Merge branch 'main' of github.com:Winfredy/SadTalker

vinthony · vinthony · commit 35dd94f443e5 · 2023-04-08T18:42:50.000+08:00
diff --git a/README.md b/README.md
@@ -36,6 +36,11 @@
 </div>
 
 ## 🔥 Highlight
+
+- 🔥 The extension of the [stable-diffusion-webui](https://github.com/AUTOMATIC1111/stable-diffusion-webui) is online.
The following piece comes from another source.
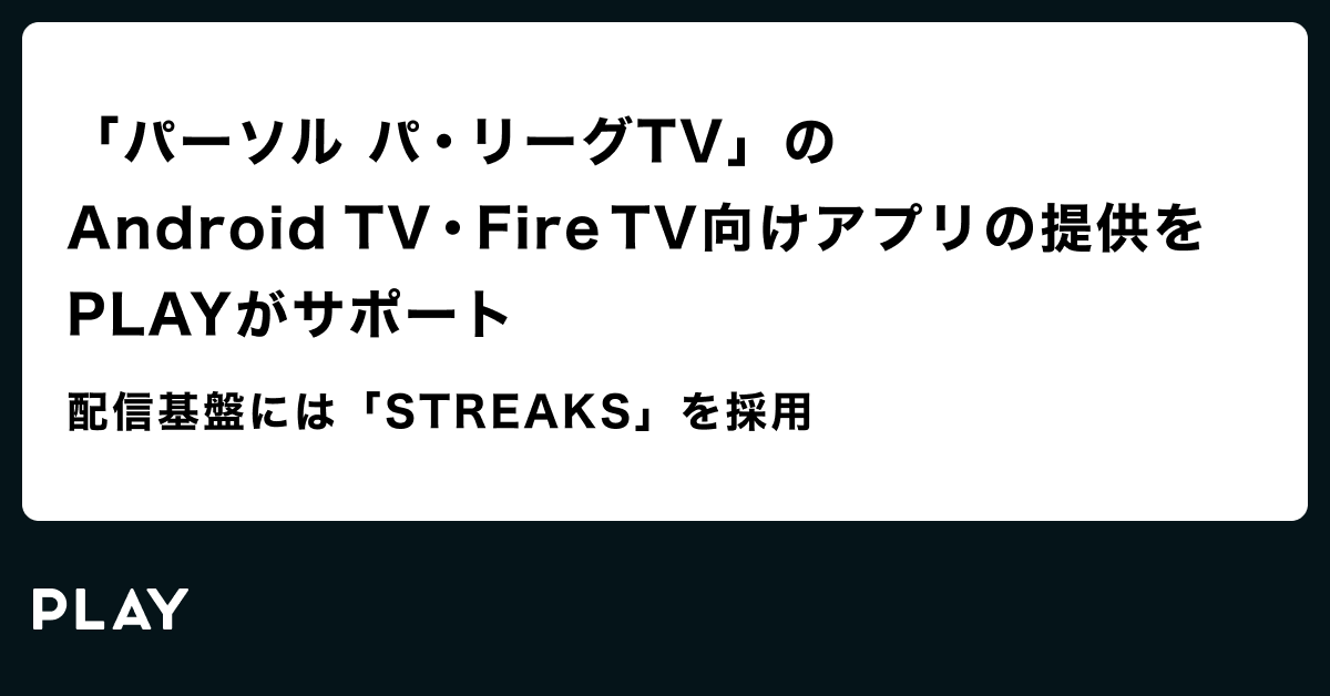 「パーソル パ・リーグTV」のAndroid TV・Fire TV向けアプリの提供をPLAYがサポート 〜配信基盤には「STREAKS」を採用〜

Just install it in `extensions -> install from URL -> https://github.com/Winfredy/SadTalker`, checkout more details [here](#sd-webui-extension).
+
+https://user-images.githubusercontent.com/4397546/222513483-89161f58-83d0-40e4-8e41-96c32b47bd4e.mp4
+
 - 🔥 Beta version of the `full image mode` is online! checkout [here](https://github.com/Winfredy/SadTalker#beta-full-bodyimage-generation) for more details.
 
 | still                 | still + enhancer          |   [input image @bagbag1815](https://twitter.com/bagbag1815/status/1642754319094108161) |
@@ -49,6 +54,10 @@
 
 ## 📋 Changelog (Previous changelog can be founded [here](docs/changlelog.md))
 
+- __[2023.04.06]__: stable-diffiusion webui extension is release.
+
+- __[2023.04.03]__: Enable TTS in huggingface and gradio local demo.
+
 - __[2023.03.30]__: Launch beta version of the full body mode.
 
 - __[2023.03.30]__: Launch new feature: through using reference videos, our algorithm can generate videos with more natural eye blinking and some eyebrow movement.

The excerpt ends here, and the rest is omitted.